Dataset excerpt

+++

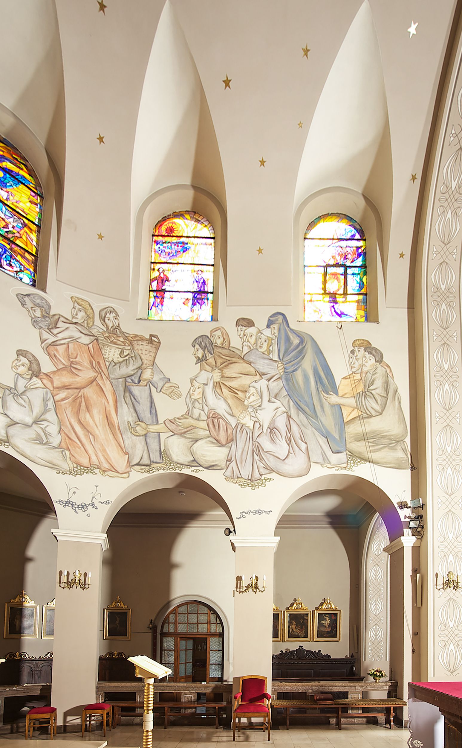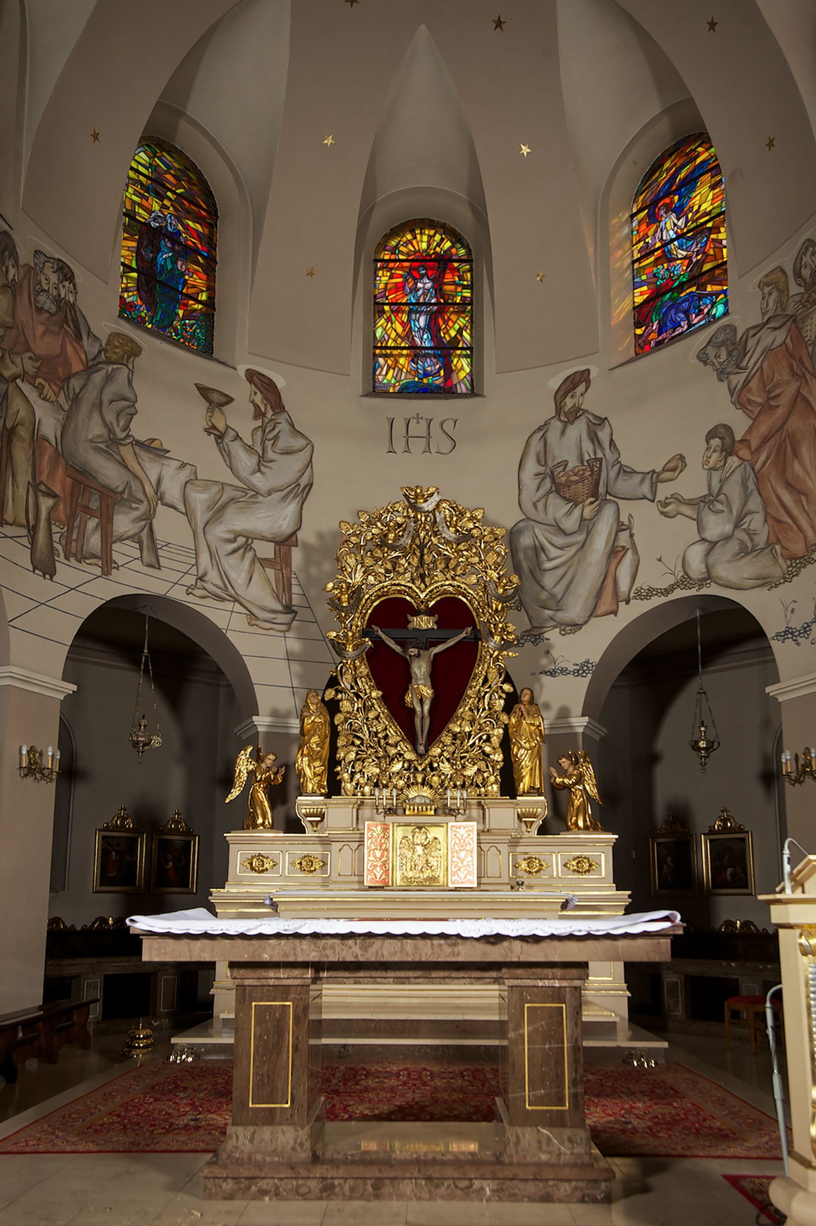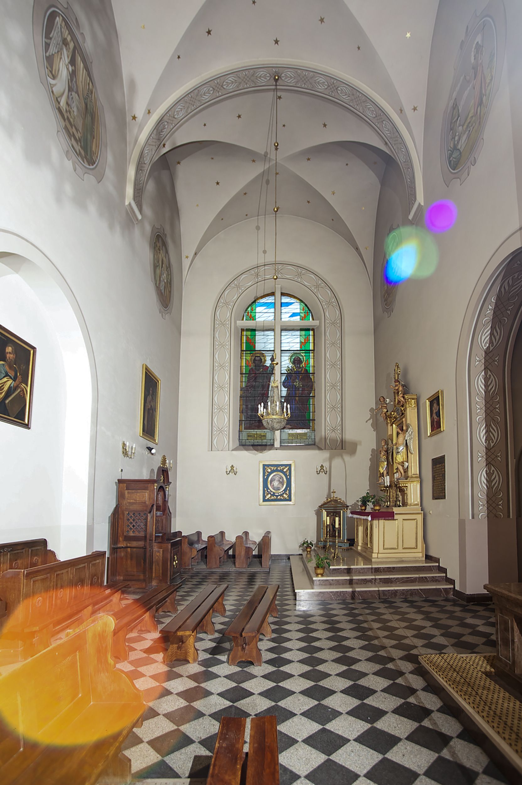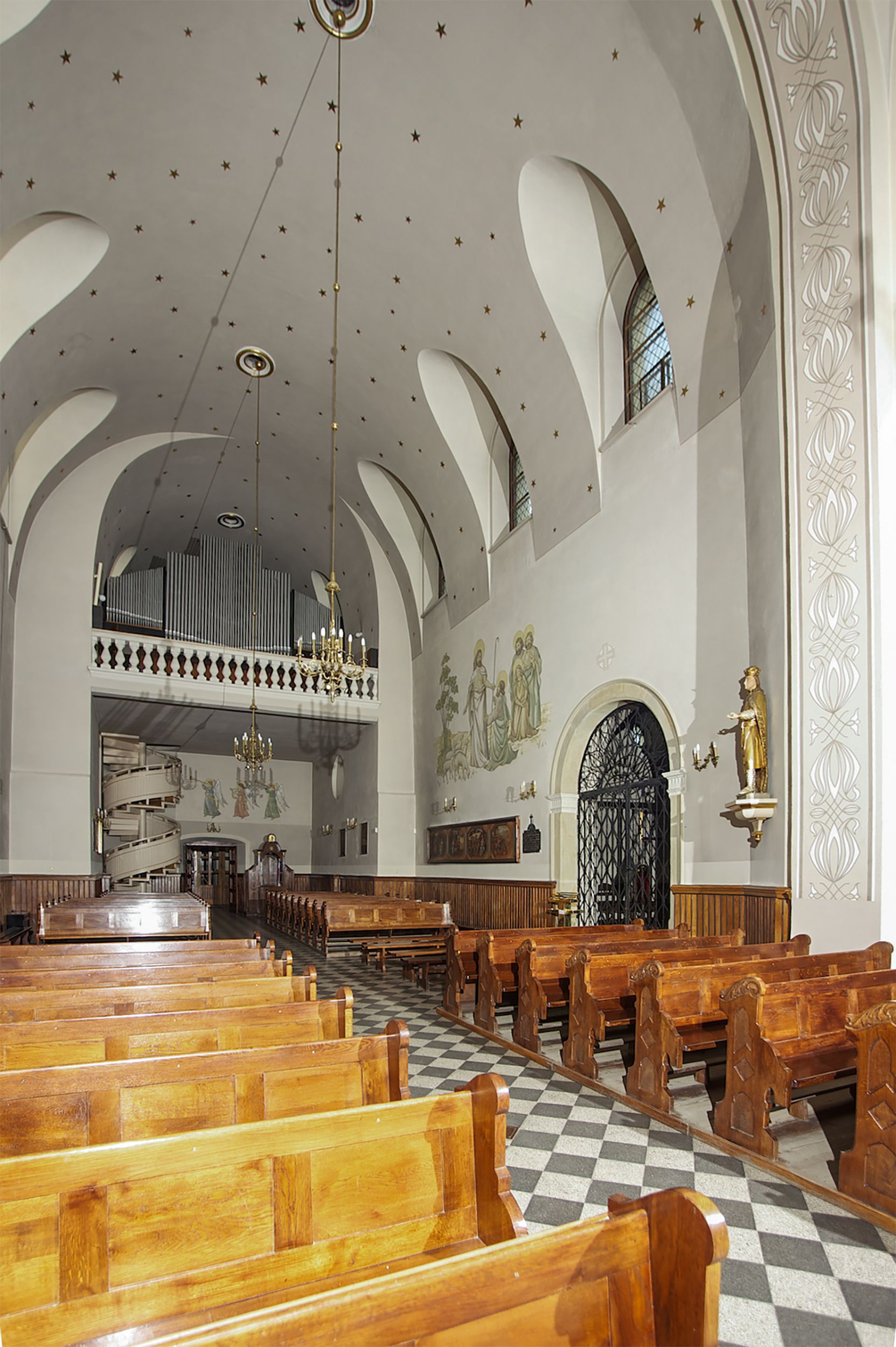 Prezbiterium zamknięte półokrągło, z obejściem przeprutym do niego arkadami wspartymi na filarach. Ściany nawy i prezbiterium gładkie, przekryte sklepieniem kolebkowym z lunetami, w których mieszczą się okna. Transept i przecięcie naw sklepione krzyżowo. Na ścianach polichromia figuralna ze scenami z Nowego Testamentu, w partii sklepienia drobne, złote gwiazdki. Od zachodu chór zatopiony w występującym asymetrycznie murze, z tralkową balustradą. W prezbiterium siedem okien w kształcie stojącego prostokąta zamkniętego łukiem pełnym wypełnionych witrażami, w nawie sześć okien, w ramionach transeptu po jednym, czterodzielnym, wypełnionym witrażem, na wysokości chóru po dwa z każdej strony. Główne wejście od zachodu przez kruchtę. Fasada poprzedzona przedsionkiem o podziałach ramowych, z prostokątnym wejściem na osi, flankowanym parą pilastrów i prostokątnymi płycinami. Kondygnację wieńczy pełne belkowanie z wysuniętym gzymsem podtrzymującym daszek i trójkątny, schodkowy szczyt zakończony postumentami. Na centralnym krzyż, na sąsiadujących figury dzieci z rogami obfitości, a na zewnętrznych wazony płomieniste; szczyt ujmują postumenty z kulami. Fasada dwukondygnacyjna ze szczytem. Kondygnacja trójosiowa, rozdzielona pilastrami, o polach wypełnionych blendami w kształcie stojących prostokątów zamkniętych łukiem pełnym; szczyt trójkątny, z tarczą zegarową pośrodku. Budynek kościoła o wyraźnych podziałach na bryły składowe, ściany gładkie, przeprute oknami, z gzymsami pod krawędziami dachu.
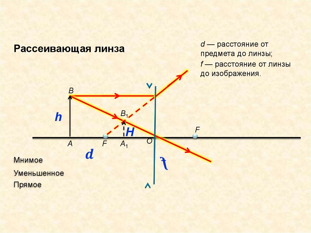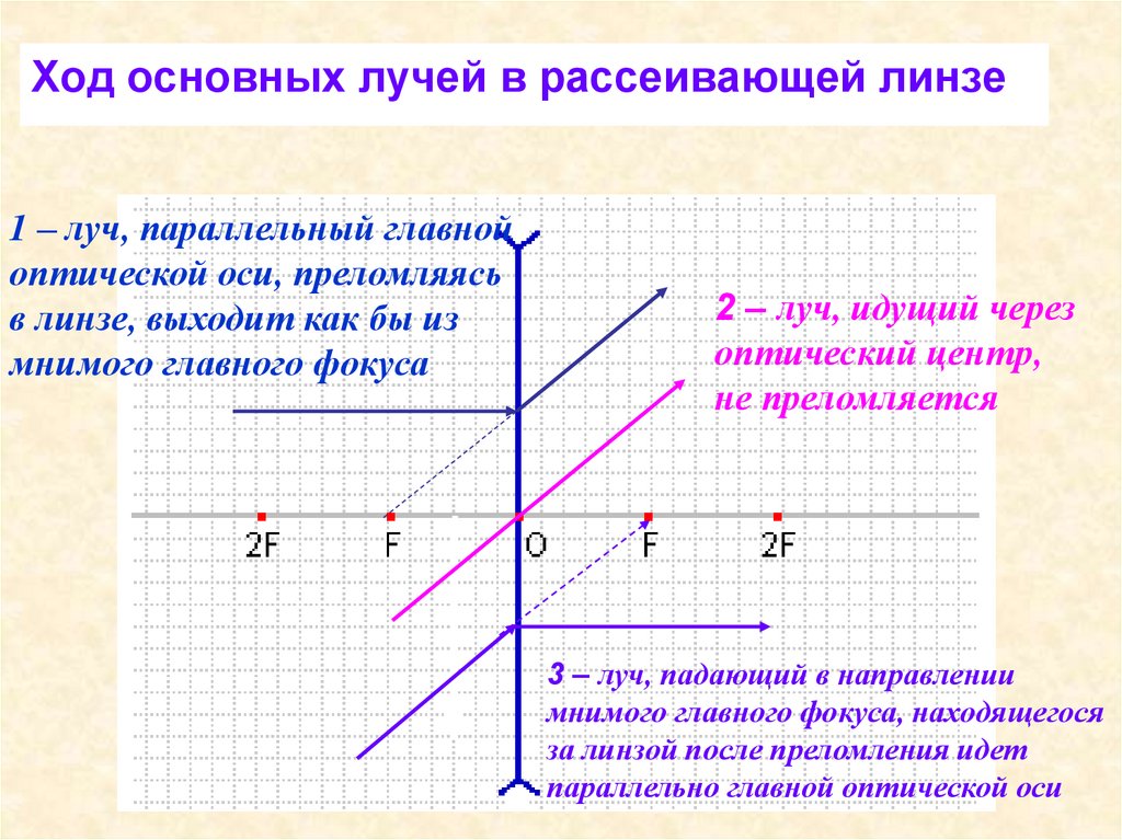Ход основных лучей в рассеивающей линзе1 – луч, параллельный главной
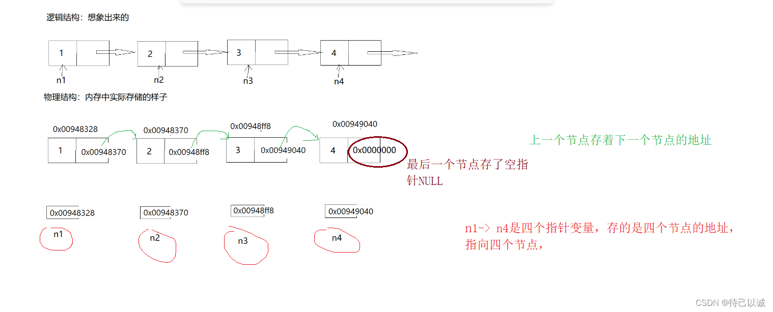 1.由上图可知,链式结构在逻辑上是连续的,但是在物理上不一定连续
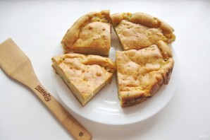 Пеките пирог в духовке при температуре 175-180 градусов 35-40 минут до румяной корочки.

+++

What to work on
Only the lines from the line with "1.由上图可知,链式结构在逻辑上是连续的,但是在物理上不一定连续" through the closing line of the data, both included, should be set down, exactly as written and without pictures.

The completed task
 1.由上图可知,链式结构在逻辑上是连续的,但是在物理上不一定连续
 Пеките пирог в духовке при температуре 175-180 градусов 35-40 минут до румяной корочки.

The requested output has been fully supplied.